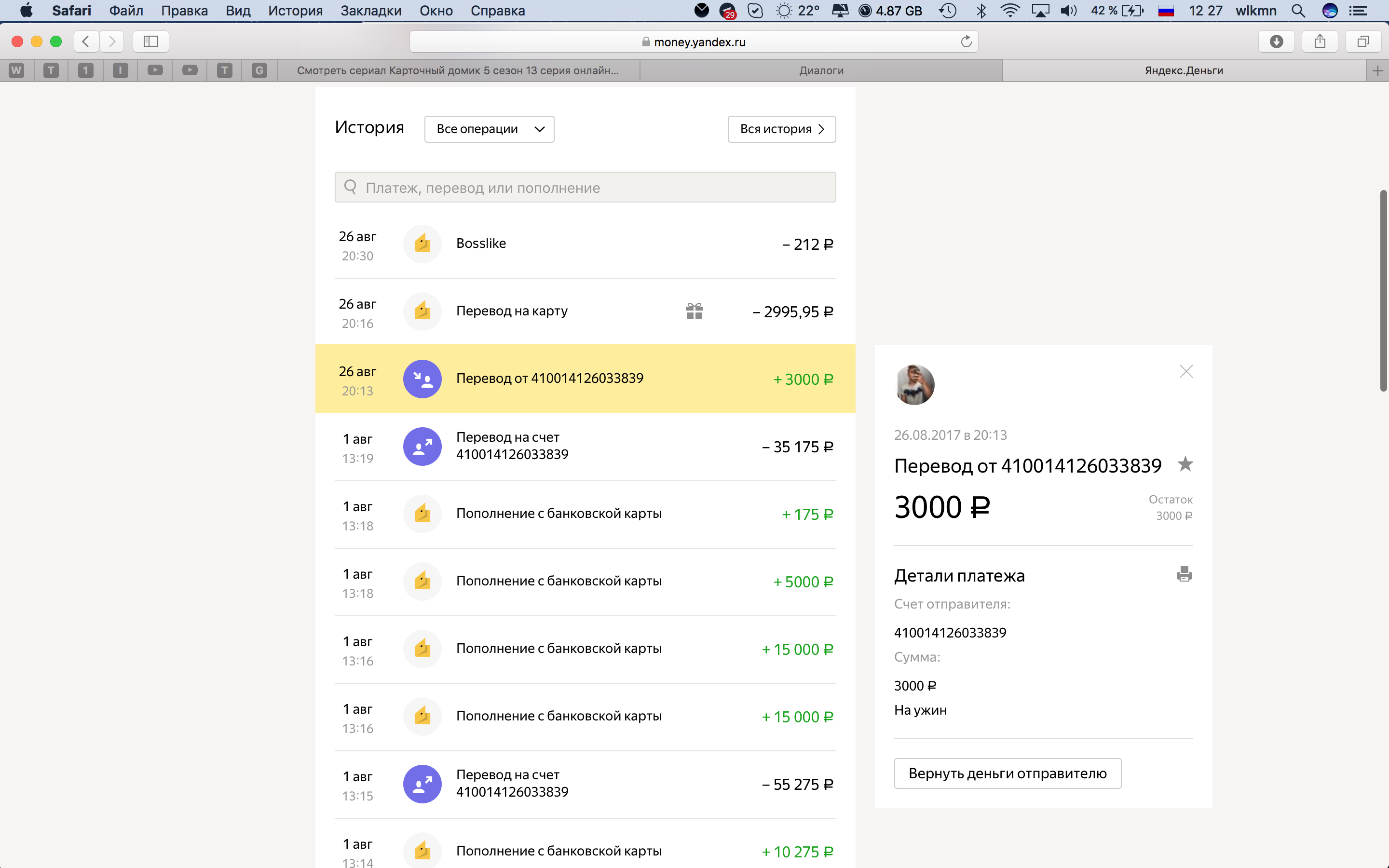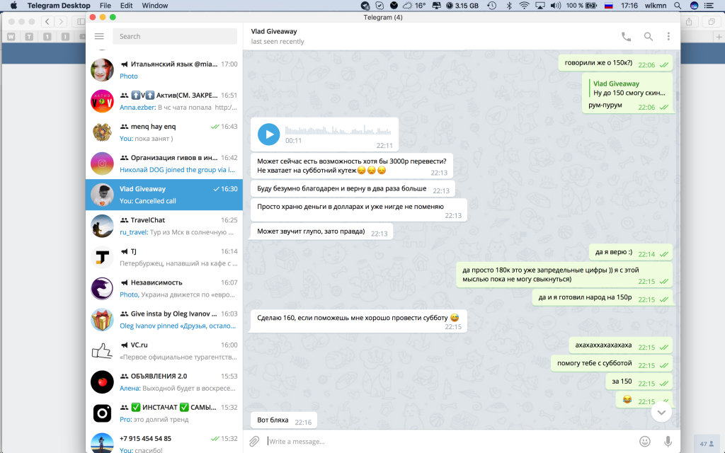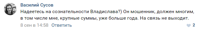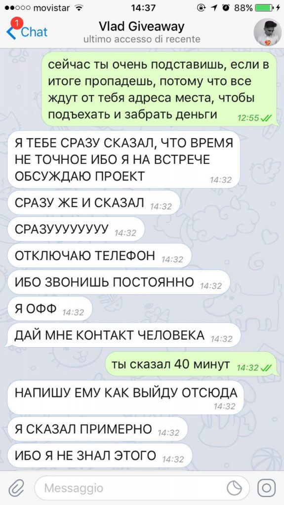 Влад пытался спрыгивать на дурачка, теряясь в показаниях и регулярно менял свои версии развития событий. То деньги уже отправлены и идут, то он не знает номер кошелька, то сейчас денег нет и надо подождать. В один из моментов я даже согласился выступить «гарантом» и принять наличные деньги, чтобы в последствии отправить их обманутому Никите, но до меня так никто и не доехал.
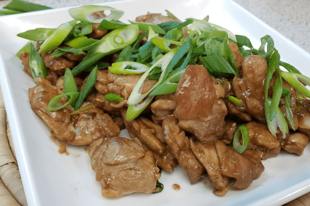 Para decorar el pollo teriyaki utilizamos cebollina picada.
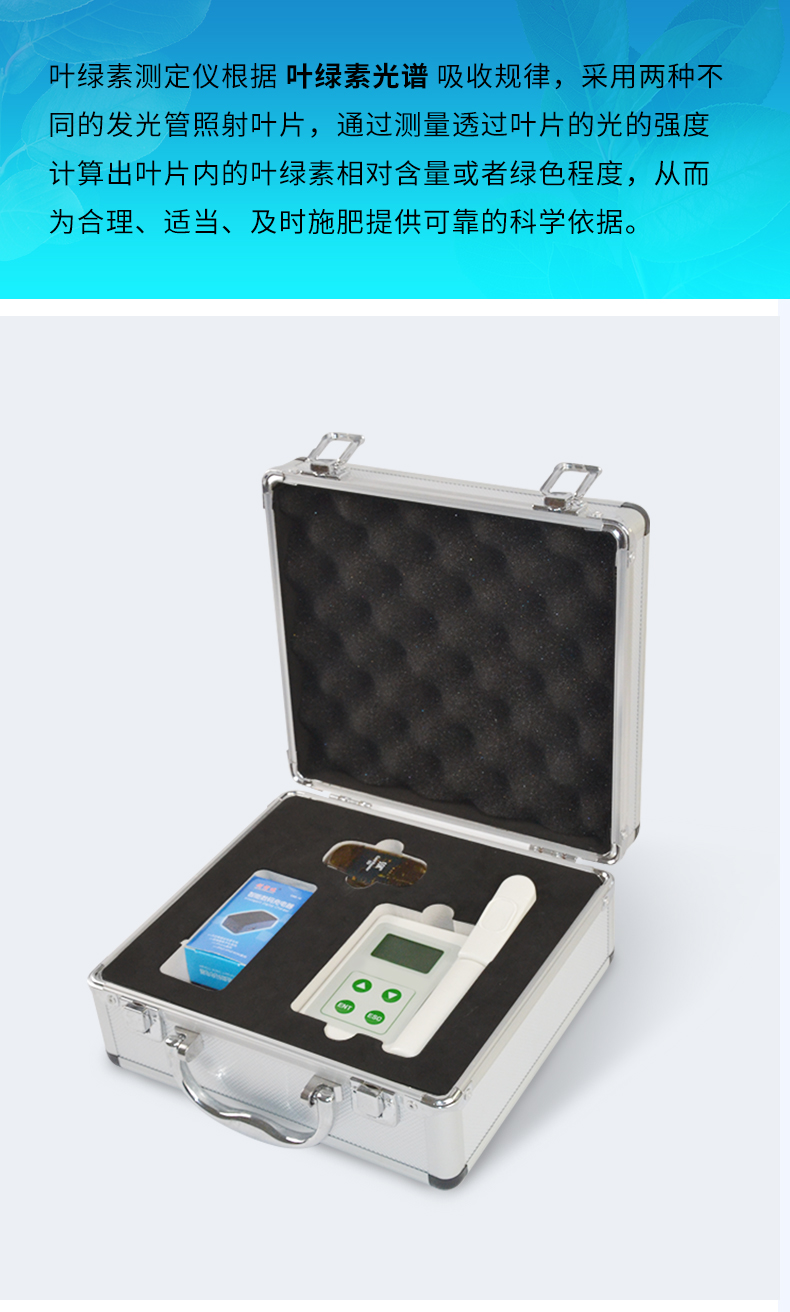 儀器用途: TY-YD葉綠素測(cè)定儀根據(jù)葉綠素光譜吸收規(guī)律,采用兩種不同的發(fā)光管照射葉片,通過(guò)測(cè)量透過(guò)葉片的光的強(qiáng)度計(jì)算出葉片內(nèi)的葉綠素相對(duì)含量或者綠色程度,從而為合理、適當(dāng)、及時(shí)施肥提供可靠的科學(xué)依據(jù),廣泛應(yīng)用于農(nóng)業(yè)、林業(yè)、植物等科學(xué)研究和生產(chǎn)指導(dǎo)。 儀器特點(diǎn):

* * *

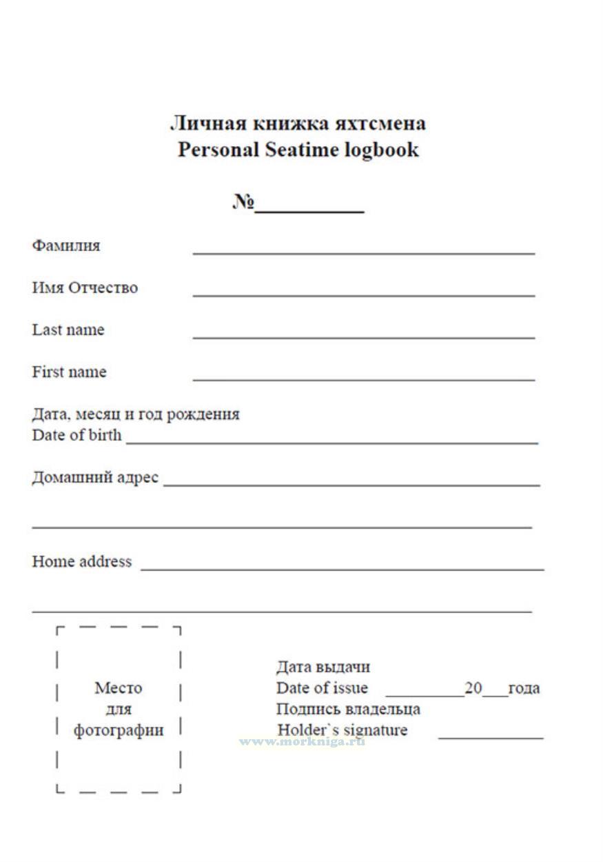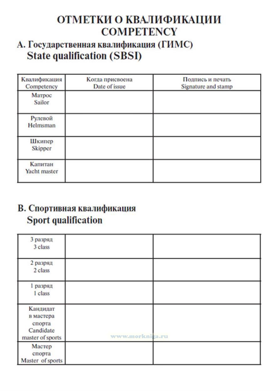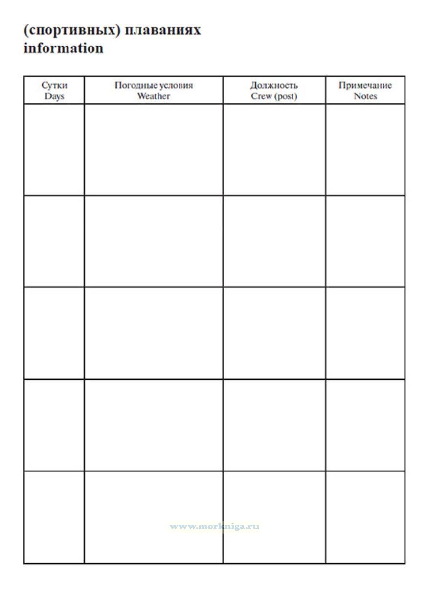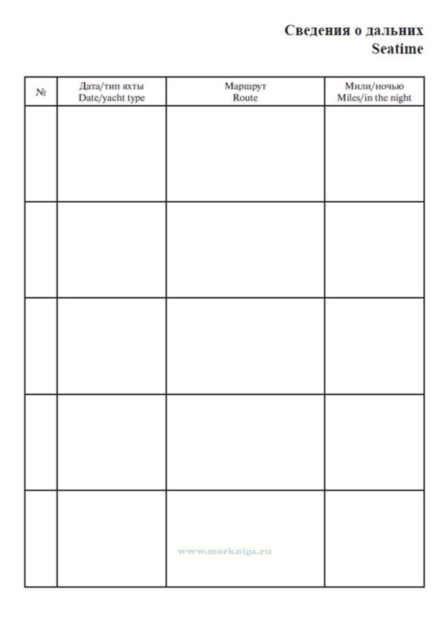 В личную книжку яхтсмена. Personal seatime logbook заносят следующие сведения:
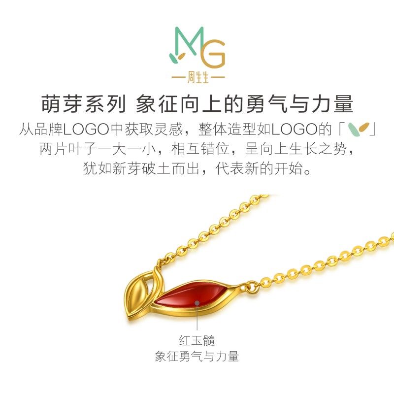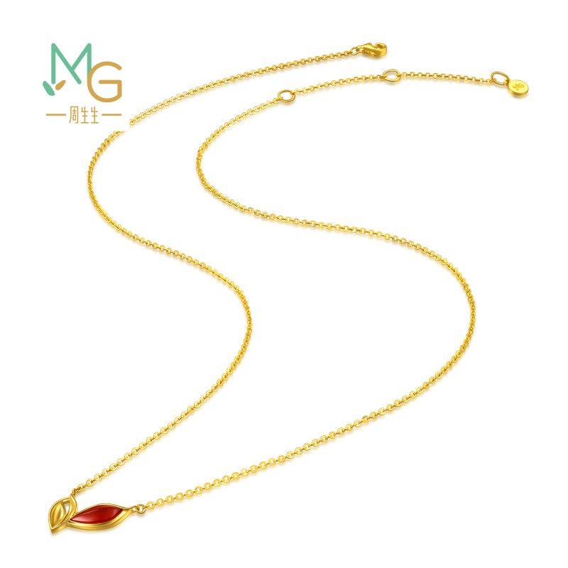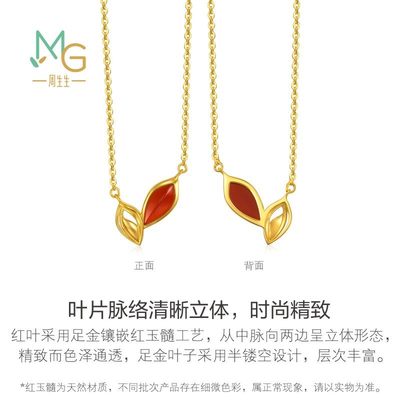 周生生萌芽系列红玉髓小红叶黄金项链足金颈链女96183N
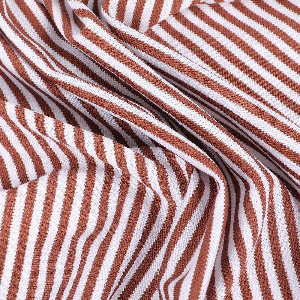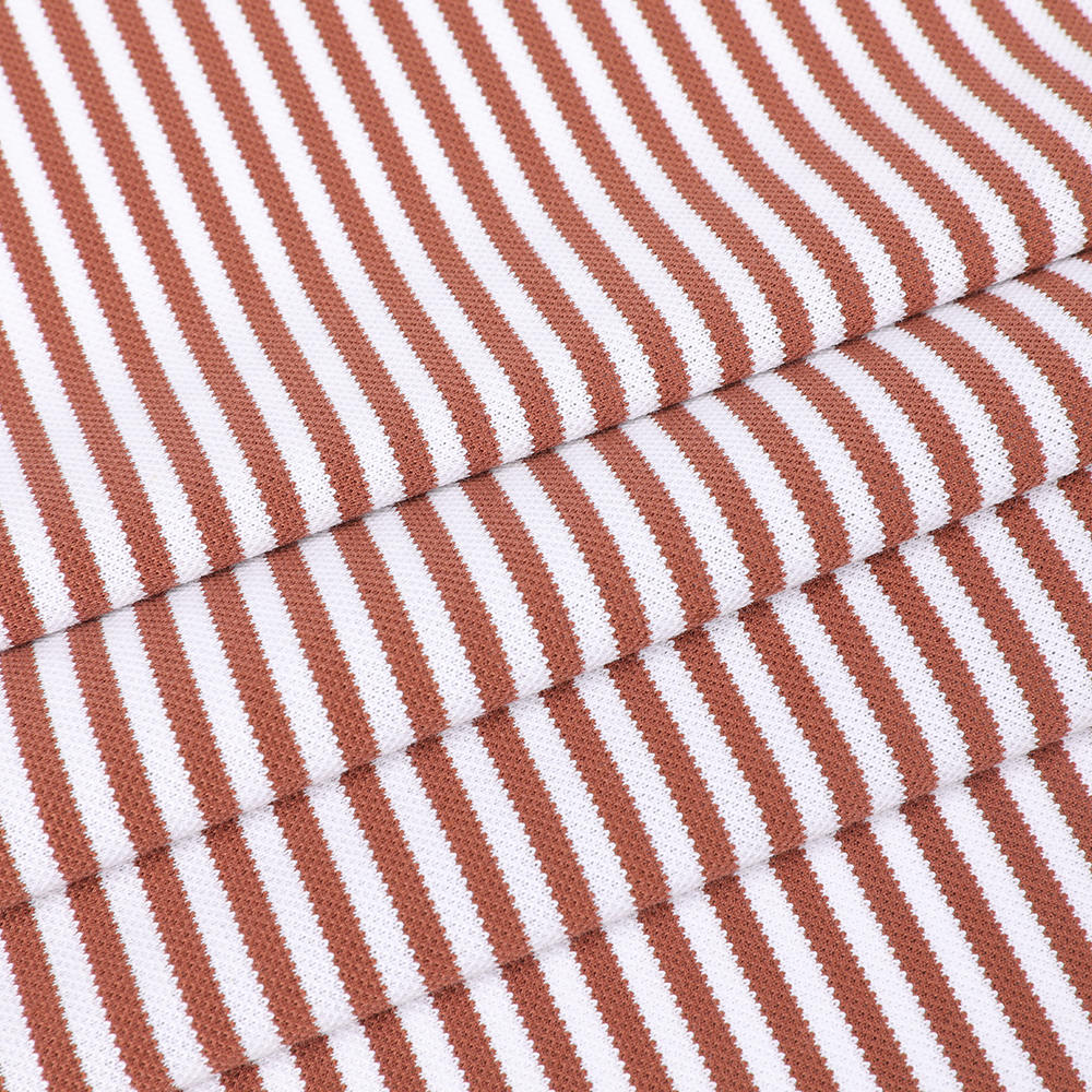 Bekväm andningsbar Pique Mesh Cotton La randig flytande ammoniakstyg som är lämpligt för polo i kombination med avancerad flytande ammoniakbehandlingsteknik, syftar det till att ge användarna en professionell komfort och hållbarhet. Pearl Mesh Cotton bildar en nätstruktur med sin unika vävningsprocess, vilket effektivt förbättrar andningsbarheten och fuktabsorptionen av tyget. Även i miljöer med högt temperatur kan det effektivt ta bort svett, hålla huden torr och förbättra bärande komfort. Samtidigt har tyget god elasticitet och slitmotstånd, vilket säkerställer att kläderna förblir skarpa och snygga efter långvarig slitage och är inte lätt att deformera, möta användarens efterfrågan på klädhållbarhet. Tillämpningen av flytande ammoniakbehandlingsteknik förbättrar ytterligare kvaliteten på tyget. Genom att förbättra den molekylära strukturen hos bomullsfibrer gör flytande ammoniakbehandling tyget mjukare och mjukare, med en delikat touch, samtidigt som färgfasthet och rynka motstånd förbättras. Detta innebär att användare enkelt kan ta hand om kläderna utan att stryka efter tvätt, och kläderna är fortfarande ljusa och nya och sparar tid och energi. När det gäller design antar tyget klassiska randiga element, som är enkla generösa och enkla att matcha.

=== Problem details ===
Within the entries above, the lines from the one containing "В личную книжку" through the one containing "周生生萌芽系列红玉髓小红叶黄金项链足金颈链女96183N" are to be transcribed exactly, ends included, pictures excluded.

=== Task response ===
 В личную книжку яхтсмена. Personal seatime logbook заносят следующие сведения:
 周生生萌芽系列红玉髓小红叶黄金项链足金颈链女96183N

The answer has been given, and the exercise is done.